由于我们正在处理大量数据，并且该数据处于原始形式，因此在将该数据输入机器学习算法之前，我们需要将其转换为有意义的数据。这个过程称为数据预处理。Scikit-learn 为此目的有一个名为 preprocessing 的包。 preprocessing 包具有以下技术：

As we are dealing with lots of data and that data is in raw form, before inputting that data to machine learning algorithms, we need to convert it into meaningful data. This process is called preprocessing the data. Scikit-learn has package named preprocessing for this purpose. The preprocessing package has the following techniques −

Binarisation

当我们需要将数值转换为布尔值时，使用此预处理技术。

This preprocessing technique is used when we need to convert our numerical values into Boolean values.

Example

import numpy as np
from sklearn import preprocessing
Input_data = np.array(
   [2.1, -1.9, 5.5],
   [-1.5, 2.4, 3.5],
   [0.5, -7.9, 5.6],
   [5.9, 2.3, -5.8]]
)
data_binarized = preprocessing.Binarizer(threshold=0.5).transform(input_data)
print("\nBinarized data:\n", data_binarized)

在上述示例中，我们使用了 threshold value = 0.5 这就是为什么所有高于 0.5 的值都将转换为 1，所有低于 0.5 的值都将转换为 0。

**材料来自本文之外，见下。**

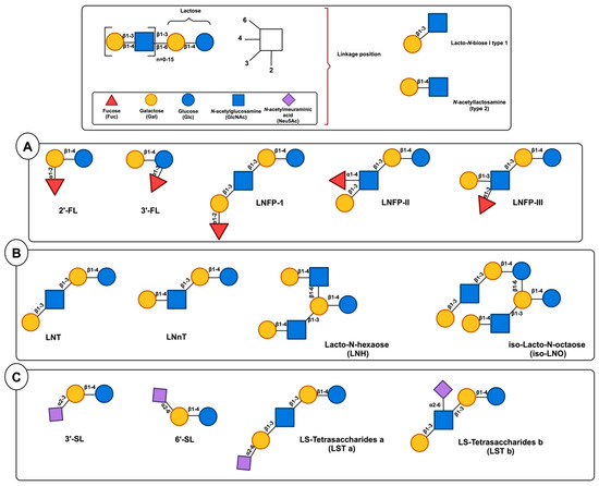 Classification of most common HMOs: (A) Representative fucosylated neutral HMOs; (B) representative non-fucosylated neutral HMOs; (C) representative sialylated HMOs [18,24].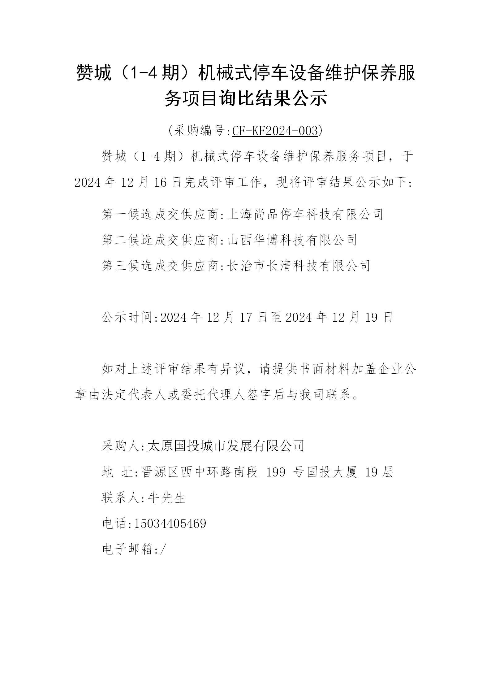 贊城(1-4期)機械式停車設(shè)備維護保養(yǎng)服務(wù)項目詢比結(jié)果公示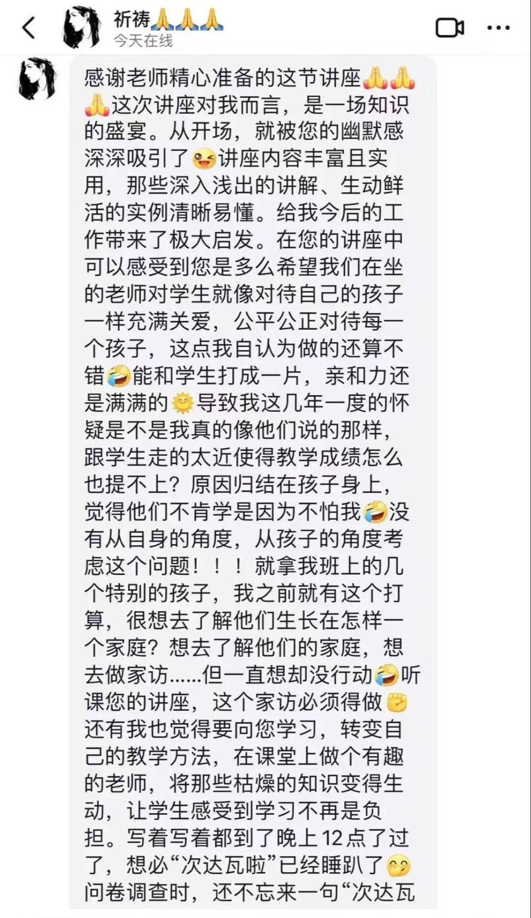 我院联合第三方开展本次系列宣讲活动,帮助教师们树立了依法执教的法治意识,领会了心、智、德、行相统一的从教方式,从而鼓励他们不仅要做知识的灯塔,更要成为学生品德的引路人、行为的守护者。下一步,我院将持续优化法治教育内容与形式,增强检教合作共建力度,提升师生法治观念,凝聚教职工对未成年人的保护合力,筑牢“六大保护”,共同织密未成年人法治保护网,为构建和谐、安全的校园环境贡献检察力量。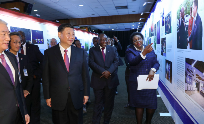2018年7月24日,中國國家主席習近平和南非總統拉馬福薩共同參觀由中國外文局承辦的中南科技創新合作成果圖片展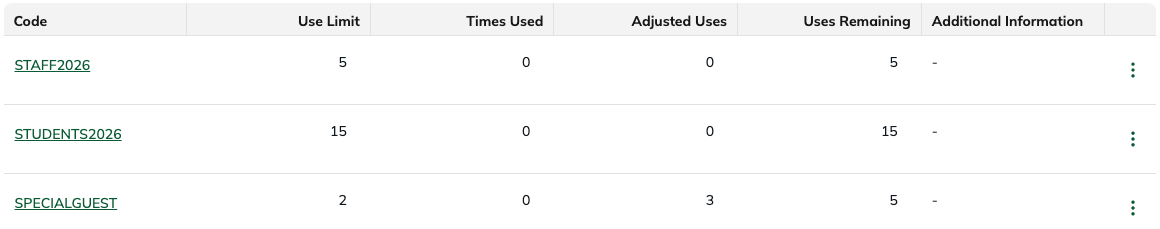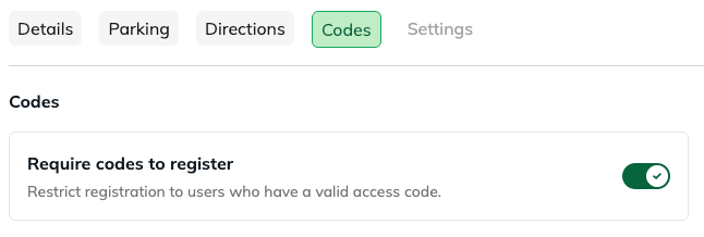 Codes allow you to control who can access a permit type by requiring users to enter a code during registration.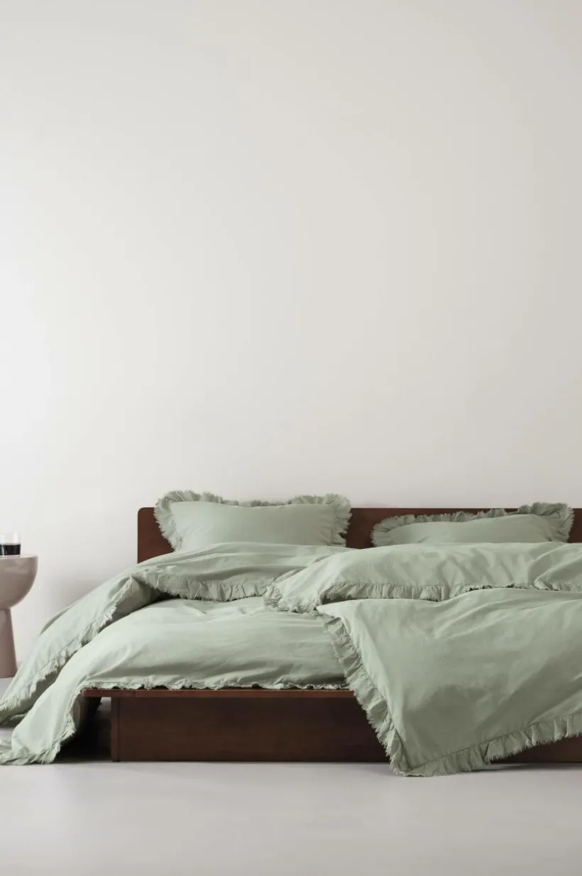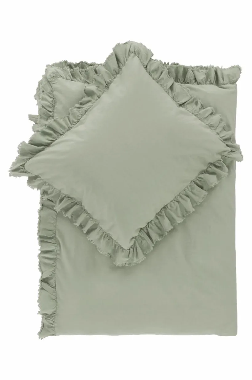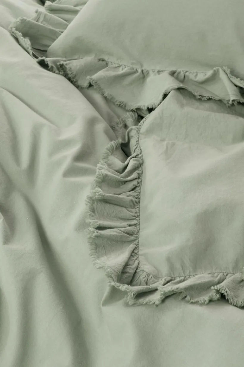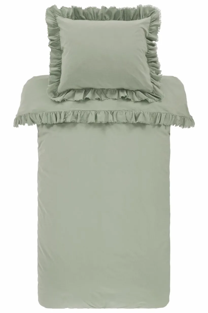 Påslakanset i två delar, ett påslakan och ett örngott av tvättad bomull med mjuk känsla. Bomull är behagligt att bädda med och upplevs svalt och skönt mot huden. JINN har en lätt fransig volangkant runt om. Tryckknappar för tillslutning i öppningen på påslakanet. Trådtäthet på 144 tc. (Trådtätheten talar om antalet trådar, thread counts, per kvadrattum i ett tyg. Ju högre trådtäthet desto högre kvalité.)

In the above example, we used threshold value = 0.5 and that is why, all the values above 0.5 would be converted to 1, and all the values below 0.5 would be converted to 0.

Output

Binarized data:
[
   [ 1. 0. 1.]
   [ 0. 1. 1.]
   [ 0. 0. 1.]
   [ 1. 1. 0.]
]

Mean Removal

此技术用于从特征向量中消除平均值，以便每个特征都以零为中心。

This technique is used to eliminate the mean from feature vector so that every feature centered on zero.

Example

import numpy as np
from sklearn import preprocessing
Input_data = np.array(
   [2.1, -1.9, 5.5],
   [-1.5, 2.4, 3.5],
   [0.5, -7.9, 5.6],
   [5.9, 2.3, -5.8]]
)

#displaying the mean and the standard deviation of the input data
print("Mean =", input_data.mean(axis=0))
print("Stddeviation = ", input_data.std(axis=0))
#Removing the mean and the standard deviation of the input data

data_scaled = preprocessing.scale(input_data)
print("Mean_removed =", data_scaled.mean(axis=0))
print("Stddeviation_removed =", data_scaled.std(axis=0))

Output

Mean = [ 1.75 -1.275 2.2 ]
Stddeviation = [ 2.71431391 4.20022321 4.69414529]
Mean_removed = [ 1.11022302e-16 0.00000000e+00 0.00000000e+00]
Stddeviation_removed = [ 1. 1. 1.]

Scaling

我们使用此预处理技术来缩放特征向量。特征向量的缩放很重要，因为特征不应人为地过大或过小。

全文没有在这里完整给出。